3s-filter - SKILL.md Agent Skill

name: 3s-filter description: Real-time safety monitor for AI agents using SENTINEL, SENTIMENT, and SEMANTIC analysis. Use this skill when you need to evaluate whether an agent's proposed action or a user's input is safe, anomalous, or violates policies. It provides a decision (ALLOW/FLAG/BLOCK) and a detailed risk report.

The 3S Filter provides a triple-layer safety evaluation for agent interactions.

SENTINEL: Detects behavioral anomalies and out-of-distribution outputs.
SENTIMENT: Analyzes emotional valence and arousal to catch frustration or malice.
SEMANTIC: Verifies intent coherence and checks against safety policies and dangerous patterns.

Before executing any shell command or system-modifying action generated by an agent.
To validate user inputs for prompt injection or social engineering.
To monitor long-running agent sessions for behavioral drift.

Use the evaluate.py script to check a string.

python3 scripts/evaluate.py "Your agent output here"

You can use the ThreeSFilter class directly in your scripts:

from three_s_filter import ThreeSFilter
engine = ThreeSFilter()
decision, report = engine.evaluate("some text")

Install the middleware to automatically monitor requests or openai calls.

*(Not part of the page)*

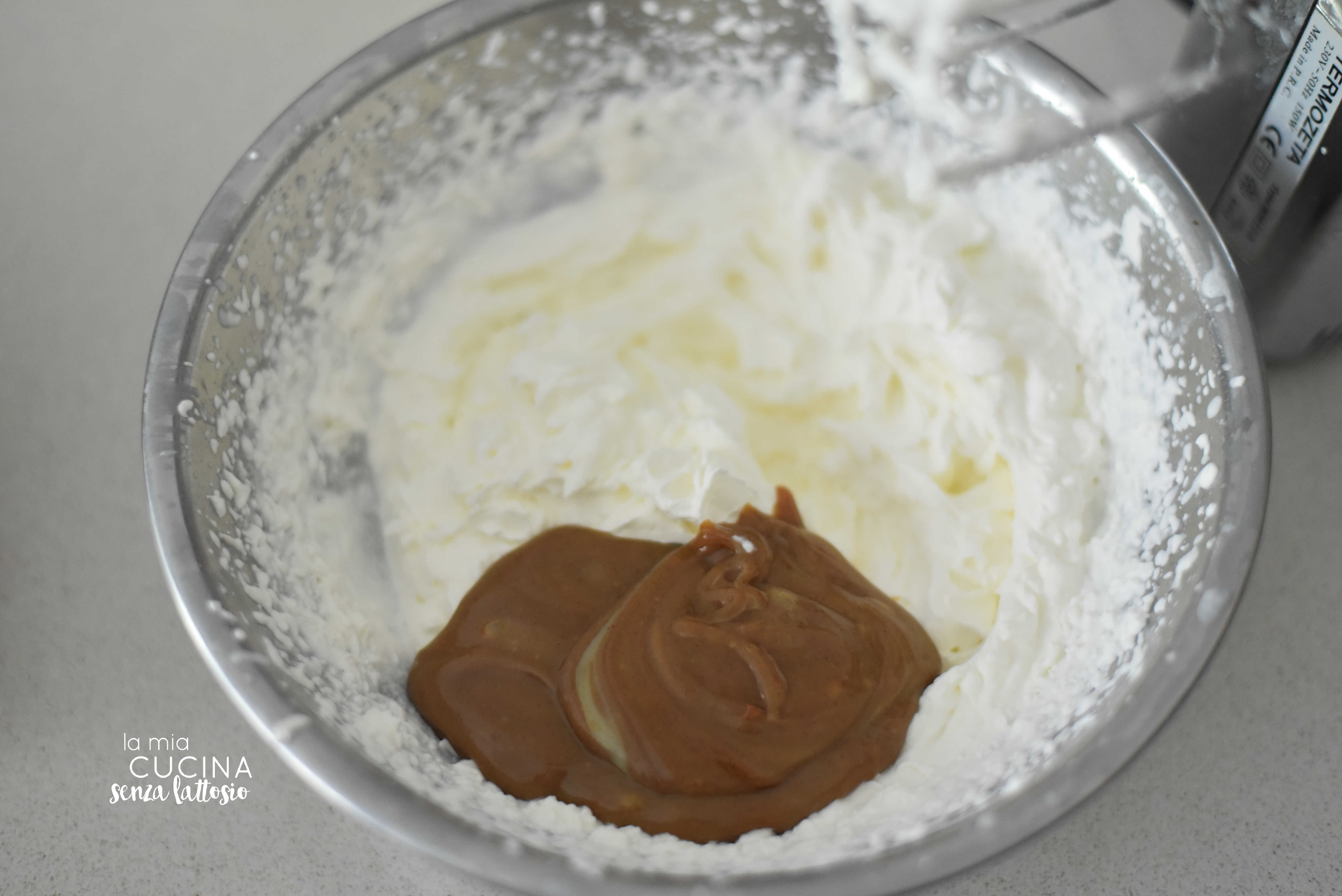 Per una perfetta riuscita con queste temperature altissime dovete tenere tutti gli ingredienti in frigo, compresa la ciotola dove andrete a montare la panna e le fruste dello sbattitore. Fate raffreddare per bene, poi mescolare il latte condensato con la pasta di nocciole (vi consiglio di mescolarla prima perchè, quando ferma, la parte oleosa tende a salire, dovete riamalgamarla per bene prima di unirla al latte condensato)

from three_s_filter.middleware import APIFilterMiddleware
middleware = APIFilterMiddleware()
middleware.wrap_requests()

Blocking: If the decision is BLOCK, stop execution immediately and alert the user.
Flagging: If the decision is FLAG, proceed with caution and log the interaction for human review.
Allowing: If the decision is ALLOW, the action is considered safe within the current policy limits.

scripts/evaluate.py: CLI wrapper for quick safety checks.
scripts/install_hooks.sh: Script to set up git/shell hooks for automatic monitoring.
references/policy.md: Detailed breakdown of the safety policies being enforced.